Jill Jones
What is the world of breath?
The air is a huge forest blowing
Is matter always in flight?
Everything bends with love but can’t be folded in a box
Was I once a sea, a very small one?
Every night is the morning of my death and my resurrection
How often have I floated so that I could rise?
All sounds end with sky and ocean
What kind of magic is rain?
I am the dust of an asteroid, the blink of an atom passing another
Aren’t all corners special?
Here are the great laws of photosynthesis, volume, gravity
What is the dark matter of love?
The endless turning atmosphere, the shaping wind
Where is the sky’s origin or end?
Air is gold with starlight when I step out towards the sand
What is it about rending that seems sad, isn’t that a kind of making?

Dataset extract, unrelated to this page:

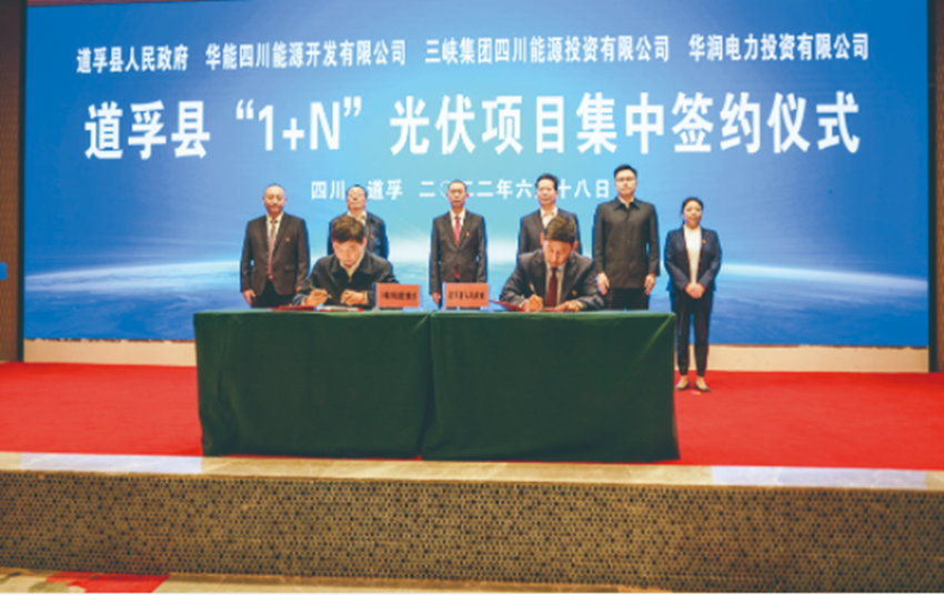 道孚縣“1+N”光伏項目位于道孚縣色卡鄉(xiāng)、龍燈鄉(xiāng)、木茹鄉(xiāng),計劃靜態(tài)總投資75億元,規(guī)劃總裝機容量150萬千瓦,包括亞日I標(biāo)50萬千瓦、亞日II標(biāo)50萬千瓦、龔呂50萬千瓦三個光伏項目。2022年6月18日,道孚縣人民政府與三峽集團(tuán)四川能源投資有限公司在道孚縣舉行亞日Ⅱ標(biāo)50萬千瓦光伏電站簽約儀式,標(biāo)志著該縣向打造“千萬千瓦級清潔能源基地”邁出實質(zhì)性、關(guān)鍵性一步。

As if this underworld was clear and cool, or a place to hide
How often has my breath caught on my body?
Matter in the end is always light
Isn’t time a kind of detour, but necessary?
The dust of others, waves of grass
Isn’t every discussion an unravelling?
There’s this assonance in things waves tracks days
Is it here you stop making sense?
Crows circle above the shuddering trees
Robe, 6 December 2020
Jill Jones was born in Sydney and has lived in Adelaide since 2008. Recent books include Wild Curious Air, winner of the 2021 Wesley Michel Wright Prize, A History Of What I’ll Become, shortlisted for the 2021 Kenneth Slessor Award, and Viva the Real, shortlisted for the 2019 Prime Minister’s Literary Award for Poetry and the 2020 John Bray Award. In 2015 she won the Victorian Premier’s Prize for Poetry for The Beautiful Anxiety. She has been an academic for a number of years, but has also worked as an arts administrator, journalist, and book editor.